Typical clinical features indicating active disease include new loss of pulses, painful vessels (typically carotidynia) and new bruits. Initial therapy is with high-dose glucocorticoids usually in combination with a steroid sparing agent. An open-label study of patients, who were refractory to glucocorticoid therapy, showed that weekly low-dose methotrexate was effective in inducing remission in 13 RO4929097 concentration of 16 cases [86]. In a prospective study of 65 newly diagnosed Takayasu’s
arteritis patients treated with azathioprine and prednisolone and followed-up for 1 year, therapy was safe, well tolerated and effective in ameliorating systemic symptoms and laboratory measures of disease activity within 3 months. Although it did not reverse angiographic lesions, it did halt disease progression [87].

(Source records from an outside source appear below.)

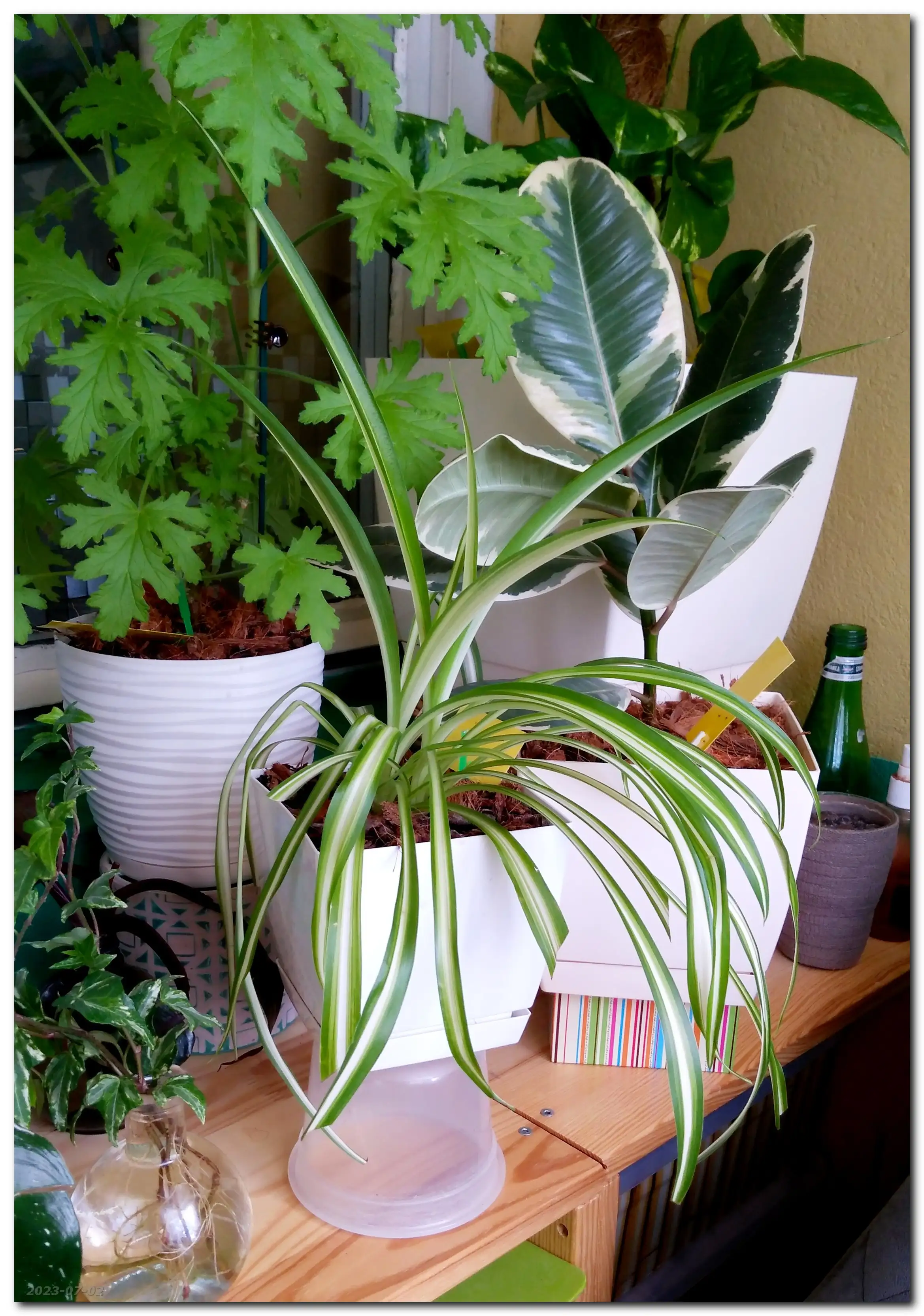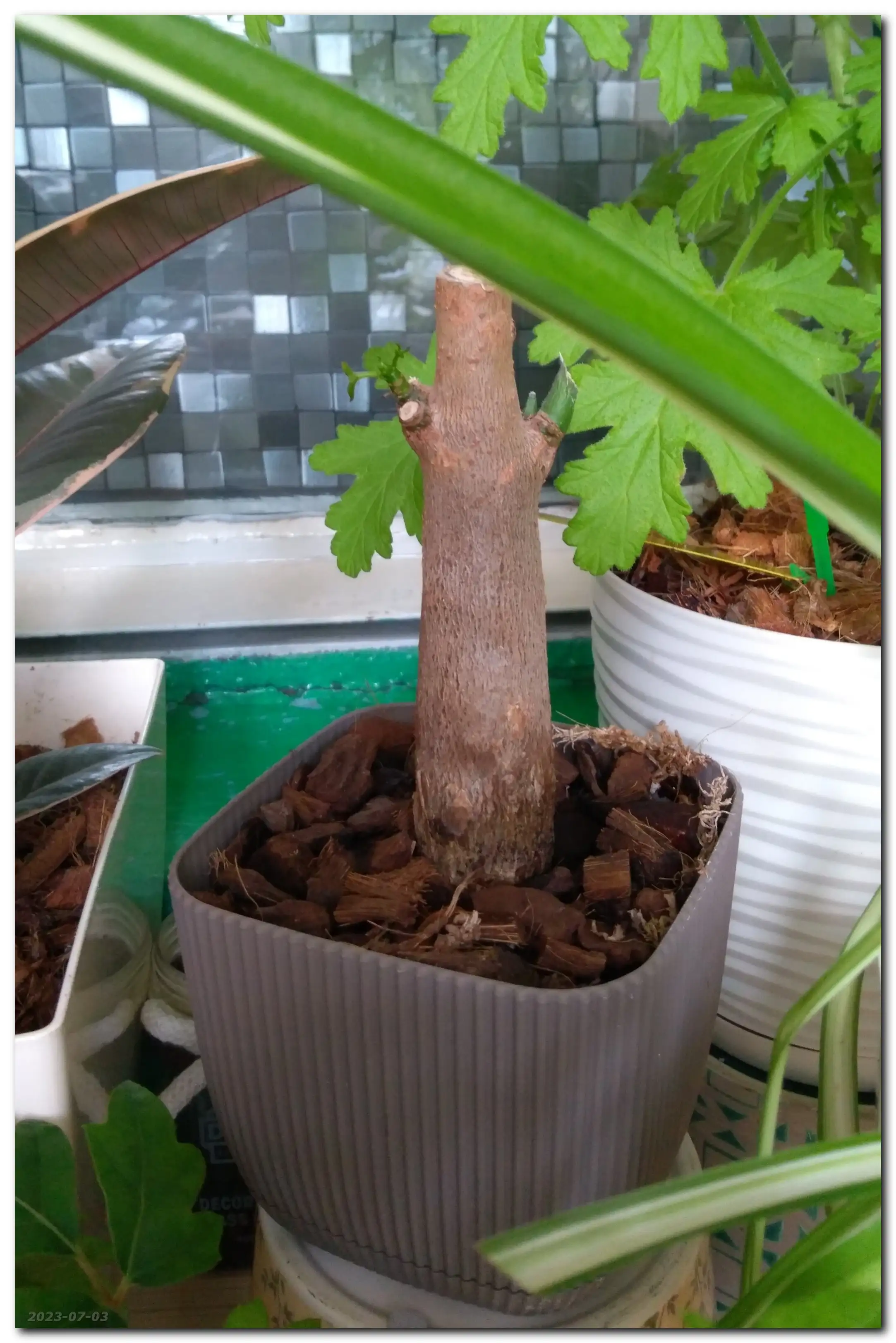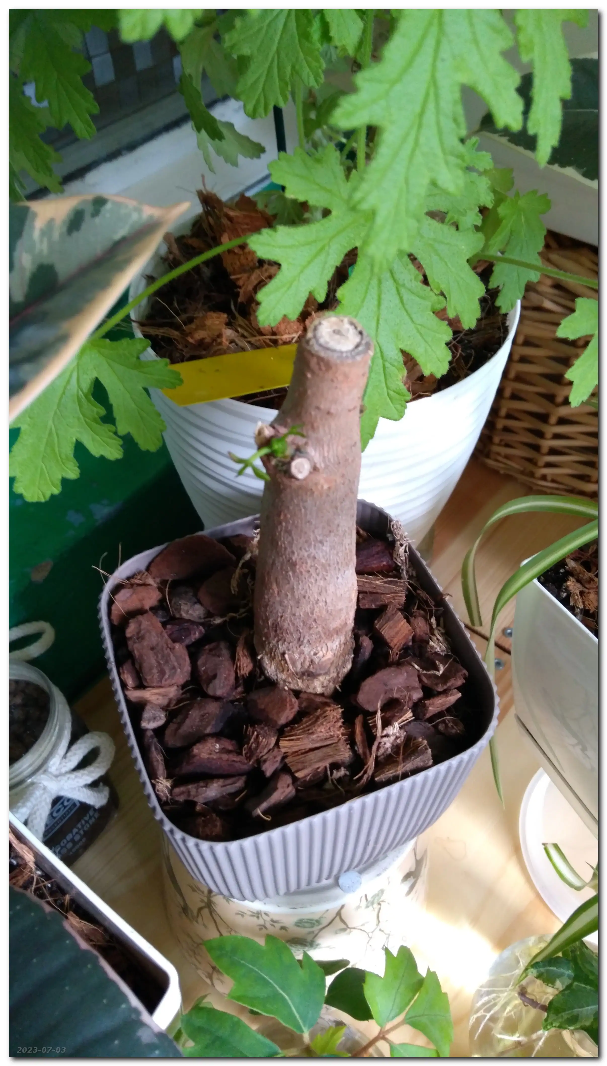 Drzewko jeszcze walczy. Jedną z młodszych gałęzi i próbuję ukorzenić w perlicie, a resztę przesadziłam do mniejszej doniczki - głównie do czipsu kokosowego, kory piniowej, spagnum i perlitu. Zobaczymy, co będzie z tego eksperymentu.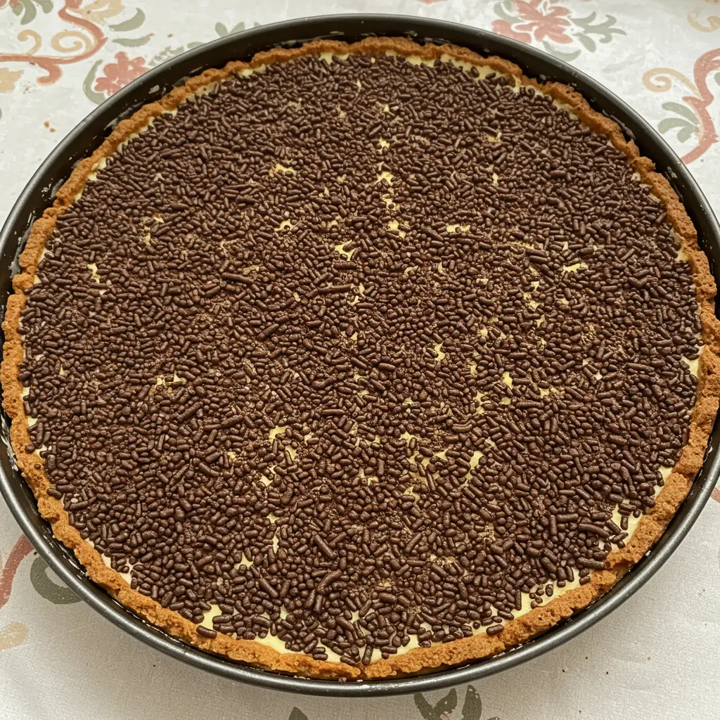 Delicioso bolo de chocolate, irresistível e fofinho, coberto com uma camada cremosa e granulado crocante. Perfeito para festas e comemorações!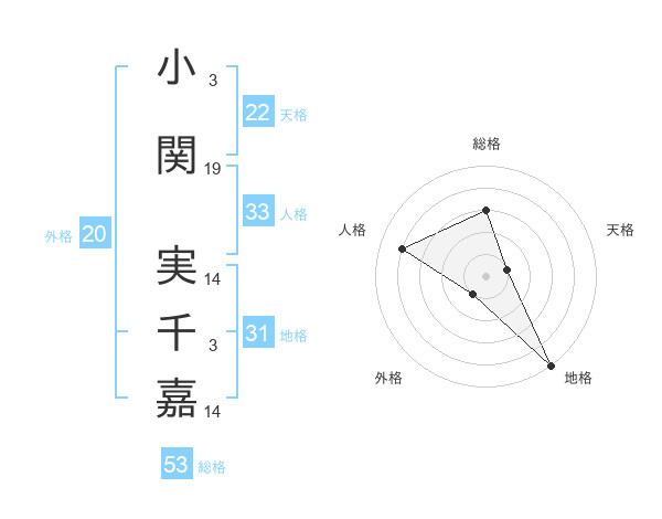 小関 実千嘉さんを姓名の画数から五運を鑑定

Maintenance. Despite glucocorticoid therapy, subclinical disease can persist, as demonstrated on magnetic resonance imaging. Approximately half of all Takayasu’s arteritis patients have chronic active disease for which glucocorticoid therapy alone does not provide sustained remission [88]. Therefore, the use of adjunctive therapy in addition to glucocorticoids is common, both to improve disease control and to reduce overall steroid use [17]. Methotrexate has been used in refractory cases of Takayasu’s arteritis. In one study, eight of the 16 patients who achieved remission on initial methotrexate and glucocorticoid JQ1 molecular weight therapy sustained remissions lasting 4–34 months (mean 18 months), and four patients did not require further glucocorticoid or methotrexate therapy. However, three patients experienced disease progression despite treatment. PRKACG Patients were followed-up for a mean period of 2·8 years. Further long-term studies are required to assess the durability of
remission and the need for long-term maintenance therapy in this subset of patients [88]. Takayasu’s arteritis may result in permanent stenosis, despite remission of the disease. It is important to differentiate the features of disease for which further immunosuppressive agents are required, from abnormalities due to damage to vascular anatomy in which surgical intervention is more appropriate [88]. Reconstructive surgery should be undertaken at expert centres and preferably during the quiescent phase of the disease [17]. Polyarteritis nodosa and Kawasaki disease are the two major categories of medium-sized vessel vasculitis. Both have acute necrotizing arteritis with inflammatory aneurysm formation. Patients with polyarteritis nodosa present with a multi-system illness with constitutional features such as weight loss, fever, myalgia, development of a rash, neuropathy or abdominal ischaemia. Polyarteritis nodosa is associated commonly with hepatitis B infection. Induction.